Brief ::
Given the records below, the lines starting at the line with "Kisvic Ädelstensset, blandning" and ending at the line with "INTEX PureSpa Greystone" should be output exactly, both end lines kept and pictures left out.
######
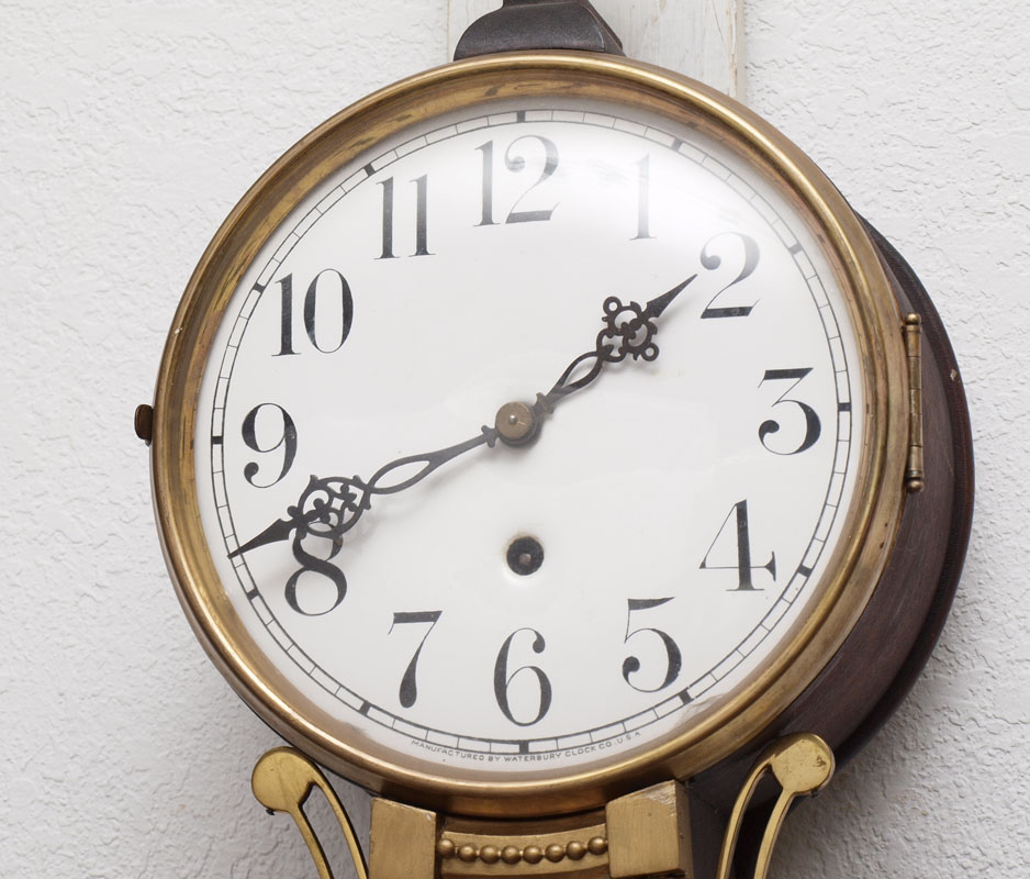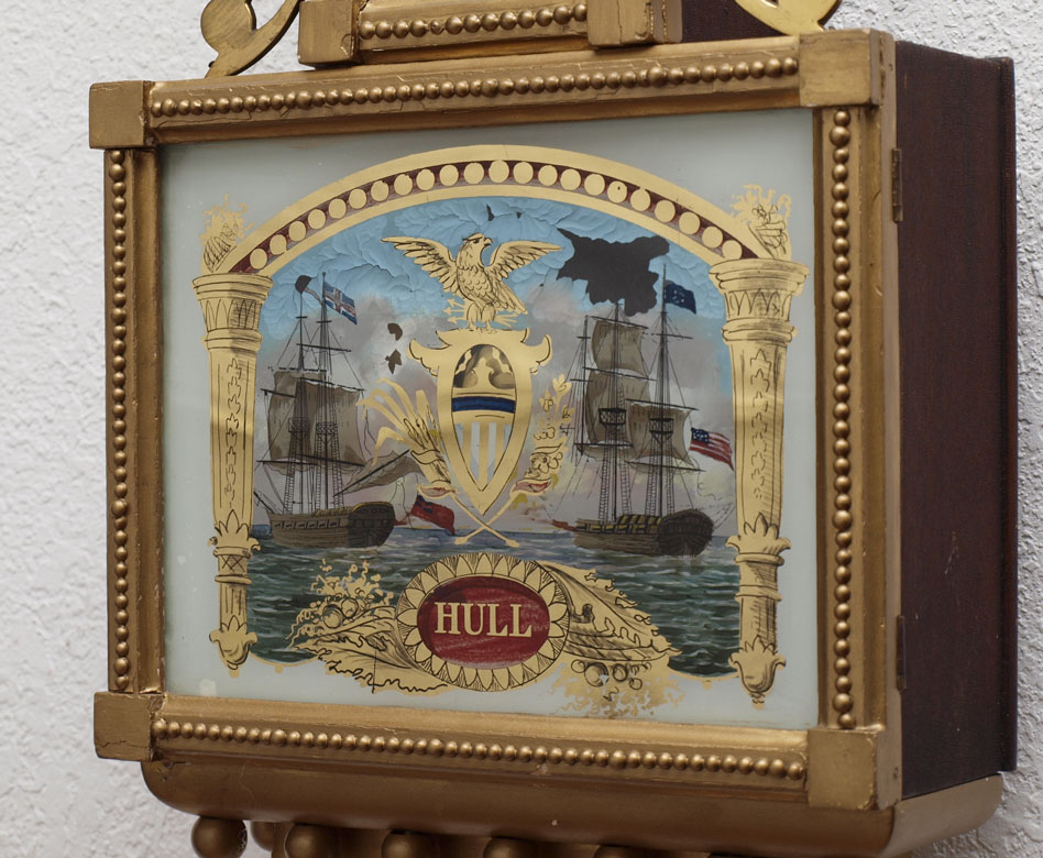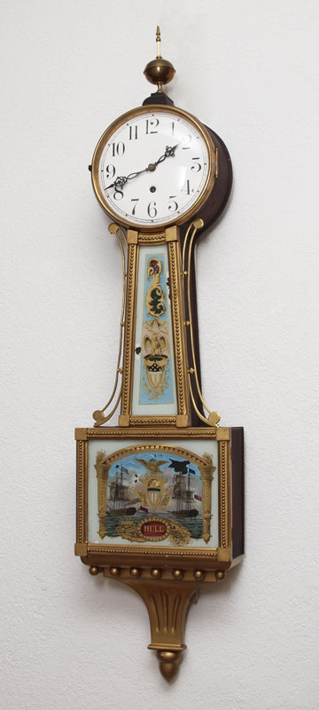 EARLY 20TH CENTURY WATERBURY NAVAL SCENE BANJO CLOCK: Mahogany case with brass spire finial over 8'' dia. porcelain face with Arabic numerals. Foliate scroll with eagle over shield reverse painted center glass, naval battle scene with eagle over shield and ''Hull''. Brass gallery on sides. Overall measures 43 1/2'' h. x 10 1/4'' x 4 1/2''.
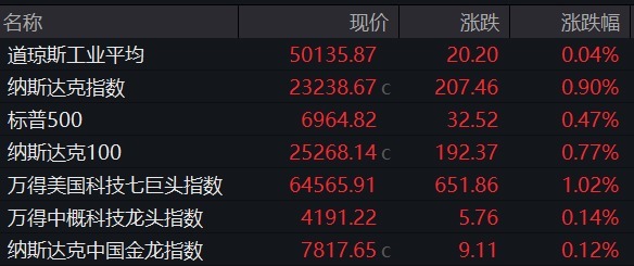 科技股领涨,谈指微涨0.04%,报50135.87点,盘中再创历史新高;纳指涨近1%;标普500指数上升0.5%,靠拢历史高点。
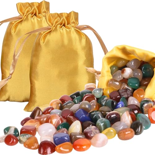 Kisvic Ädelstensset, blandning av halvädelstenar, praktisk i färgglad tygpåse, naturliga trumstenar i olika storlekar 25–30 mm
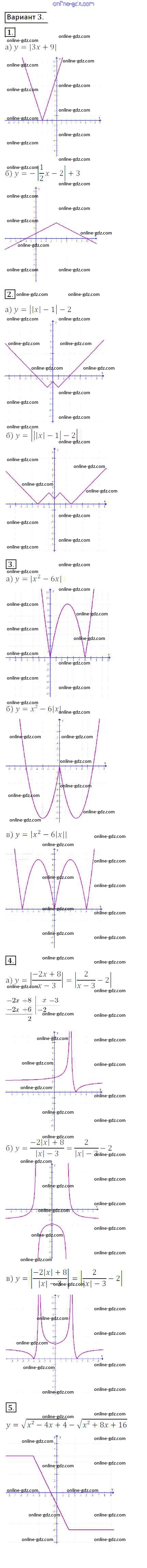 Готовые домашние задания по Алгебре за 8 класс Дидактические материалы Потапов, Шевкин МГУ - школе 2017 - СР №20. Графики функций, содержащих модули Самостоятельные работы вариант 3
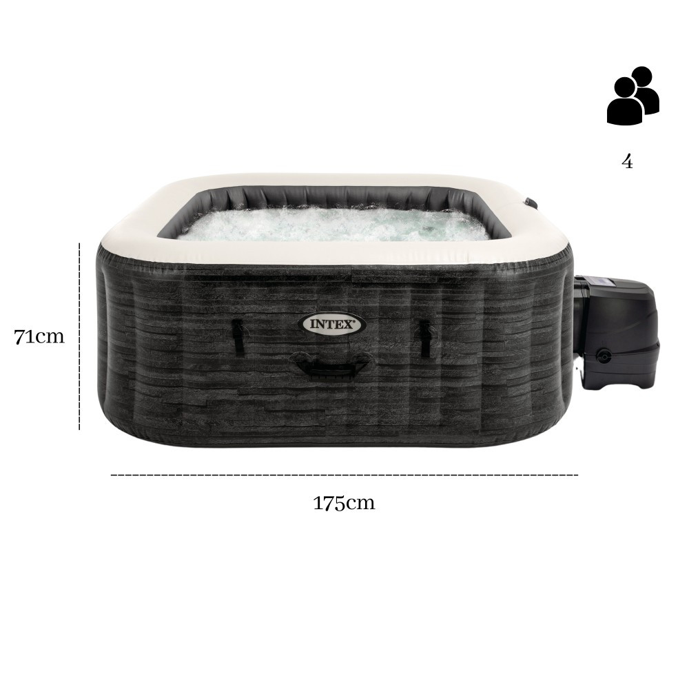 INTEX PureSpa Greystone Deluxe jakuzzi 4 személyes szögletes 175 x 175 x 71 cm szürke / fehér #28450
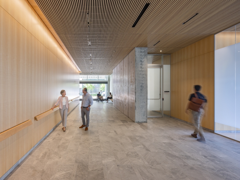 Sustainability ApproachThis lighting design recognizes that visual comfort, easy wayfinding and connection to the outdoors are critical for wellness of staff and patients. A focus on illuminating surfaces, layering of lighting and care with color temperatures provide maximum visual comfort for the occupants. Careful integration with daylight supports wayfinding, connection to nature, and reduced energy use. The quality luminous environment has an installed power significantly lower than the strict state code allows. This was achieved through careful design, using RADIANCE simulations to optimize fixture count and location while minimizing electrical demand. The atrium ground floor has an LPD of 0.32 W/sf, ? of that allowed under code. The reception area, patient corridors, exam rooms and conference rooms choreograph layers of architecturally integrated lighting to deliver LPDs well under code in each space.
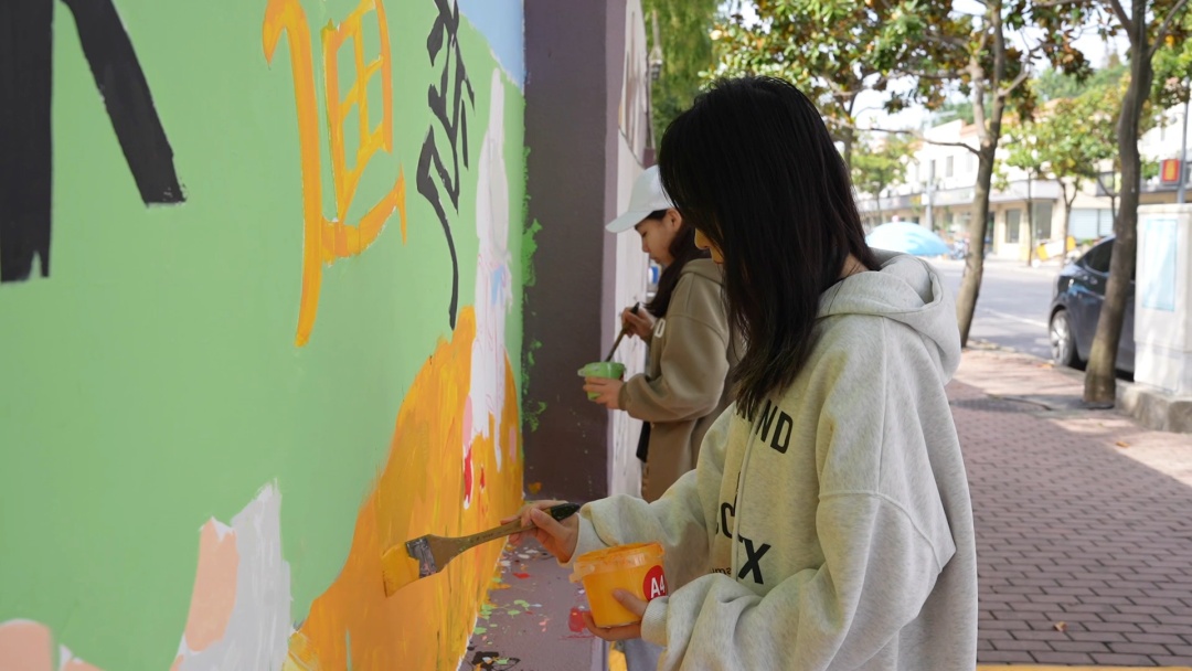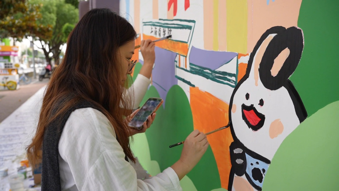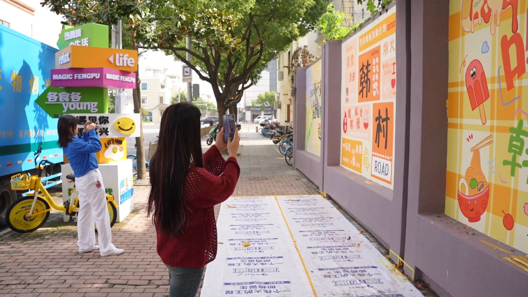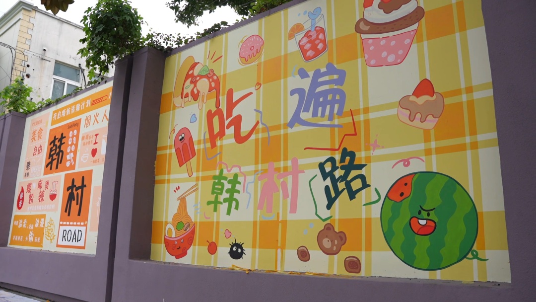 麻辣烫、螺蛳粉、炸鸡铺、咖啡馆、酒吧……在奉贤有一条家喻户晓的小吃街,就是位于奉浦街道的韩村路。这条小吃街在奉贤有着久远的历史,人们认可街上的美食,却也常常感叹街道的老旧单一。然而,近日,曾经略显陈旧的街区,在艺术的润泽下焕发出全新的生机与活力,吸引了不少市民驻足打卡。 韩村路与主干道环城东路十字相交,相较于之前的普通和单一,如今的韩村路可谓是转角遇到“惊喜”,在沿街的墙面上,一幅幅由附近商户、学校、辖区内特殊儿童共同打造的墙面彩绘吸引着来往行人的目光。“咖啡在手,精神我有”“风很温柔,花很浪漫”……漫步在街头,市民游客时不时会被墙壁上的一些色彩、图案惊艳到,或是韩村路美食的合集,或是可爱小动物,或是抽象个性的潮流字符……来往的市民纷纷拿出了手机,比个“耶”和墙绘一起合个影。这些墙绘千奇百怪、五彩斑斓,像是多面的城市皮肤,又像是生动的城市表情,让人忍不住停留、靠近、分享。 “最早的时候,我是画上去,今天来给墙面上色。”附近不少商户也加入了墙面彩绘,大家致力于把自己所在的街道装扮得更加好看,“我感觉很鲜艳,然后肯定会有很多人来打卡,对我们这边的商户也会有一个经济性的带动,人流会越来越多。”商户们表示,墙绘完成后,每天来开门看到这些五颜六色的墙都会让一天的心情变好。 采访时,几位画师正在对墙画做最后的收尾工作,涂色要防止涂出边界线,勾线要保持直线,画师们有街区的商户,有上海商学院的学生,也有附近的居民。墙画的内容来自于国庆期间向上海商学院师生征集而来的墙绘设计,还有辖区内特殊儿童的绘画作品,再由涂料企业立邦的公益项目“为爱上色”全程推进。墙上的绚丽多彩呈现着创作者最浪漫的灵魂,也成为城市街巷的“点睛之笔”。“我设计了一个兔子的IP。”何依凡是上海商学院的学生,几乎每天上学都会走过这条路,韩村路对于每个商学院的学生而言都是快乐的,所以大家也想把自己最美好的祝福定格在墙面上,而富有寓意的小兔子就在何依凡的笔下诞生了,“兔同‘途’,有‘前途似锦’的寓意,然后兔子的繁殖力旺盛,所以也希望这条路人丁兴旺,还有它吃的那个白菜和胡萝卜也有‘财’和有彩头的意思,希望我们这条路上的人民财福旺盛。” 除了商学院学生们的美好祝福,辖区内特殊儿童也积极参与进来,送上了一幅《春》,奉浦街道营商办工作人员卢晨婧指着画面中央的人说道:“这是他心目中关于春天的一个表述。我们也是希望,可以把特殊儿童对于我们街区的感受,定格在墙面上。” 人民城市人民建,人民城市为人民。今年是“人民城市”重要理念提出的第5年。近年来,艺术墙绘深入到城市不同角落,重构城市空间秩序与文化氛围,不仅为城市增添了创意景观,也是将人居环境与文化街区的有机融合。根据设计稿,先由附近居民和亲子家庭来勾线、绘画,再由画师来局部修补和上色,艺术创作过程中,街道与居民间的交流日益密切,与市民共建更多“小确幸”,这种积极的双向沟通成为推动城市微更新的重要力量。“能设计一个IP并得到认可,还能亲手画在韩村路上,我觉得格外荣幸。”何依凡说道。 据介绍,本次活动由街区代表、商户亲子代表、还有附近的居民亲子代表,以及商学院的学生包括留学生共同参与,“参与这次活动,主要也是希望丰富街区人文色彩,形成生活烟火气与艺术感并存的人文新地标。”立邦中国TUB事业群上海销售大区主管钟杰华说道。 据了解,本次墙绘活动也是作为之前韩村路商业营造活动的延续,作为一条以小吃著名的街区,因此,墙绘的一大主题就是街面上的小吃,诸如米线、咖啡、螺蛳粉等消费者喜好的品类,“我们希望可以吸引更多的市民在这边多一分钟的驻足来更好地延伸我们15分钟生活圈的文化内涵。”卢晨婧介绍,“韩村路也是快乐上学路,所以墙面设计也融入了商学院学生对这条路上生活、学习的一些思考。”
######
Written solution ::
 Kisvic Ädelstensset, blandning av halvädelstenar, praktisk i färgglad tygpåse, naturliga trumstenar i olika storlekar 25–30 mm
 Готовые домашние задания по Алгебре за 8 класс Дидактические материалы Потапов, Шевкин МГУ - школе 2017 - СР №20. Графики функций, содержащих модули Самостоятельные работы вариант 3
 INTEX PureSpa Greystone Deluxe jakuzzi 4 személyes szögletes 175 x 175 x 71 cm szürke / fehér #28450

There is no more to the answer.